Image from: http://www.datacenterknowledge.com/archives/2009/06/25/michael-jackson-news-slows-web-sites/

TMZ.com was the first news outlet to break the story of Michael Jackson’s death, and consequently their site collapsed outright from the unexpected workload.  It’s hard to fault the IT team responsible for the services delivery, after all no one knew MJ was going to pass away yesterday, and arguably there is no one in entertainment today that would have generated the level of interest from the public as him.  So where am I going with all of this, to the clouds!  If there was ever a real world example of where a cloud solution would have played nicely into the delivery of a service that can be impacted by transient high-intensity workloads that can come without warning, this is it.  Even a properly architected high volume application or service that is designed to handle large increases in transient load has a finite capacity.  If TMZ.com had the ability to automatically spin up cloud resources and shunt the new traffic load over to them during the media frenzy, ideally they would have been able to stay up during the peak of the traffic and provided service quality and performance as good as their normal service levels.  (For the shunting, I’m a big fan of f5 gear for ADN networking)  Now, they could have done this manually I suppose, when they see the traffic coming they could have provisioned some AWS instances, got their site/content up and running and started routing traffic over through a change to their load balancers.  That’ll work, but it’s also manual, going to take them time to get it all implemented and by the time they’re done their end users have already hit a dead site and gone to one of their competitors.  So what to do?  Automate!

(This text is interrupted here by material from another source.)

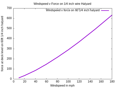 But the vast majority of the boats are stored with their masts in. Wind pressures go up with the square of the velocity. When the wind gusts to 180mph the wind pressure is astronomical: 83lb per sq ft. That means that on a 60ft mast with the wind gusting 180 mph, the load exerted 30ft above the deck is 5,450lb. When the wind is fore and aft, or near to it, this load really does not matter. But with that load on the beam, will the boat stay in the cradle?
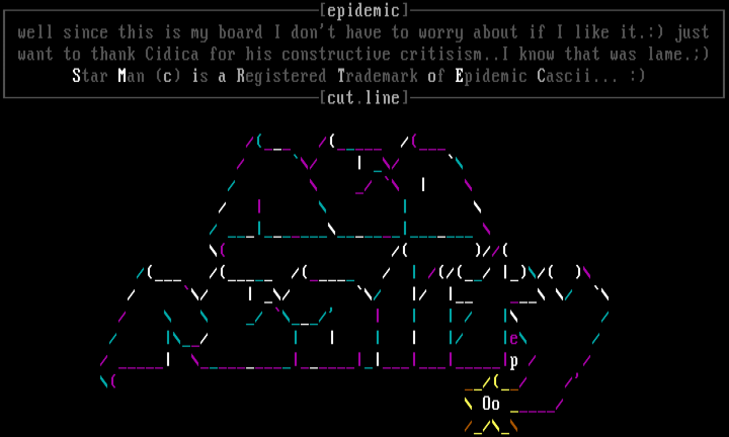 epidemic well since this is my board I dont have to worry about if I like it.: just want to thank Cidica for his constructive critisism..I know that was lame. Star Man c is a Registered Trademark of Epidemic Cascii... : cut.line

With the 5.2 release of up.time that was launched on Wednesday (June 24th, 2009) up.time now has a full bi-directional integration with VMware Orchestrator.  If you are a VMware shop, you get Orchestrator for free with vCenter Server.  If you are not familiar with Orchestrator, you can check it out here.  Essentially, Orchestrator is a policy based workflow automation tool that you can use to build automated scenarios to perform well pretty much anything.  Orchestrator has the concept of plugins that provide Orchestrator with the know how for specific vendor technologies to directly interact with them.  For example, the up.time plugin for Orchestrator lets you do things like add elements, create/modify/delete groups, service groups and other tasks from within Orchestrator.  (Under the hood, this is enabled by a new set of web services in up.time 5.2)  So how does this play into the TMZ.com cloud scenario, well it goes something like this.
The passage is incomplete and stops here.